Sektörün sesini dillendiren Bahar, turizm sektörüne sağlanan finansman desteğinin, sektörün taşıyıcı kolonları olan turizm tedarikçilerini de kapsamasını talep etti. OSB Başkanı, “Sunulan finansman desteği turizm tedarikçilerini de kapsasaydı, başta Antalya olmak üzere turizm bölgelerimizin tamamına çok daha rahat bir nefes aldırırdı” dedi.

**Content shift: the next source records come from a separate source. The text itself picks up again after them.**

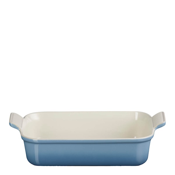 Rektangulär form i stengods från Le Creuset och serien Heritage. Formen har en innerlängd på 26 centimeter och en volym på 2,4 liter. Ugnsformen är gjord av stengods som fördelar värmen jämnt. Keramiken är värmebeständig från -23 °C till +260 °C. Stengodsformen är glaserad vilket gör den reptålig och enkel att rengöra.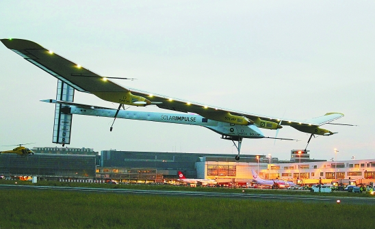 | 太阳能飞机跨国首飞 5月13日,“太阳驱动”号太阳能飞机,用12小时59分飞行630公里,从瑞士帕耶那机场起飞,途经法国和卢森堡,抵达布鲁塞尔,成功完成首次跨国飞行。图为在比利时布鲁塞尔国际机场拍摄的世界最大的太阳能飞机——瑞士制造的“太阳驱动”号。 新华社发 |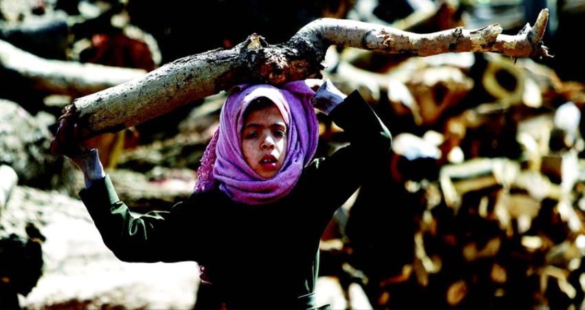 طفلة يمنية تحمل عوداً من الخشب لسد النقص المستمر بالوقود والغاز في معاناة كبرى تعيشها الأسر في صنعاء جراء تسلّط ميليشيا الحوثي

Hakikaten Ali Bahar öyle bir konuya parmak basmış ki binlerce tedarikçinin sesi olmuş. Umarım bu sese kulak veren olur ve karar genişletilip sektöre nefes aldırılır. Peki bu açıklama ile OSB Başkanı Ali Bahar neyin mesajını veriyor sizce? Ben söyleyelim. ATSO Başkanlığı’nın en güçlü adayı olduğunun. İnanmayan önceki açıklamalarına göz atsın!
KİRA İŞİNE DENETİM ŞART
Geçen hafta Antalya’da konut kiralarındaki astronomik artışları gündeme getirmiştim. Ancak bu konuda hala atılmış ciddi bir adım da yok ses sedada yok. Kim kime dumduma misali. İş çığırından çıkıyor. Antalya kent merkezinde tek konutu olan emekli ya da iş sahibi veya memur olanlar, evlerini Rus ve Ukraynalılara eşyalı ya da eşyasız yüksek fiyattan kiralıyor.

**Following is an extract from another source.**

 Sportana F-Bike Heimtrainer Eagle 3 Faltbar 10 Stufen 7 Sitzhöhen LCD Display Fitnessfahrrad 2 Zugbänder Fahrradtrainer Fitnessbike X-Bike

Piyasayı yükselten bu zat-ı muhteremlerin kendileri de kenar mahallelere taşınıyor. Çoğu da yazlık evlerine gidiyor. Hatta kiracısını çıkartıp sokağa atanlara bile rastlanıyor. Antalya’da geçen ay 6 bin 364 konut satışı olurken bunun bin 434 yabancı uyruklulara yapılmış. Bu gidişle kendi memleketimizde yabancı olacağız gibime geliyor.

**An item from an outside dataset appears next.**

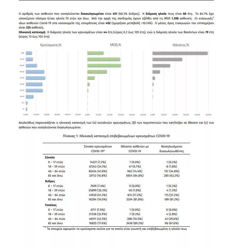 Ο αριθμός των ασθενών που νοσηλεύονται διασωληνωμένοι είναι 451 (68.3% άνδρες). Η διάμεση ηλικία τους είναι 68 έτη. To 84.7% έχει υποκείμενο νόσημα ή/και ηλικία 70 ετών και άνω. Από την αρχή της πανδημίας έχουν εξέλθει από τις ΜΕΘ 1.398 ασθενείς. Οι εισαγωγές νέων ασθενών Covid-19 στα νοσοκομεία της επικράτειας είναι 402 (ημερήσια μεταβολή +10.14%). Ο μέσος όρος εισαγωγών του επταημέρου είναι 335 ασθενείς.

Yahu bu işin bir denetimi yok mu? Antalya Gelir İdaresi Başkanlığı ne iş yapar? Emlak sektörü tam bir vergi kaçırma aracı oldu. Ama denetim hak getire. Nedeni ise birçok kişi kirayı elden almaya başladı! Bu iş biran önce zapt-u rapt altına alınmalı. Yoksa sosyal patlama tehlikesi baş gösterebilir. Benden uyarması.
HEP AYNI MANZARA
Antalya Döşemealatı’nda şu temizlik ve çöp meselesi bir türlü halledilemedi. Hangi mahalle ve sokağa gitseniz ya çöp yığını ya da konteynerler yan yatmış çöpler sağa sola savrulmuş halde. Dün sosyal medyada bir fotoğraf yer aldı. Döşemealtı Yeniköy Mahallesi 93 sokakta bulunan çöplerin temizlenmediğini gösteren bir görüntü. Rezil ötesi bir görüntü. Döşemealtılıların tek beklentisi çöplerin zamanında toplanması ve böyle görüntüler yaşanmaması.
BUNLAR BIKTIRDI
Ramazan ayı nedeniyle adeta dilenci istilasına uğrayan Antalya’da zabıtalar oturmaya devam ediyor. Profesyonel duygu sömürücüleri ise her köşe başında mesailerini sürdürüyor. Denetimsizliğin had safhaya ulaştığı şehir merkezinde yine bildik manzaralar yaşanıyor. Çöp konteynerlerinin kenarına oturan birisi sözde çöpe atılan ekmekleri alıp yiyor!
Bize de bu sahtekârlığı yetirmeye çalışıyorlar. Oysa ki ekmeği poşetle getirip orada çıkısını açıp senaryoyu uygulamaya koyuyor bu profesyonel duygu sömürücüleri. Çoğumuz kanıyor. Ancak bu çirkinlik denetimsizlik kaynaklanıyor. Genelde Muratpaşa Belediyesi sınırlarında yaşanıyor bu görüntüler. Zabıta görmezden geliyor, olanda duygusal insanlara oluyor.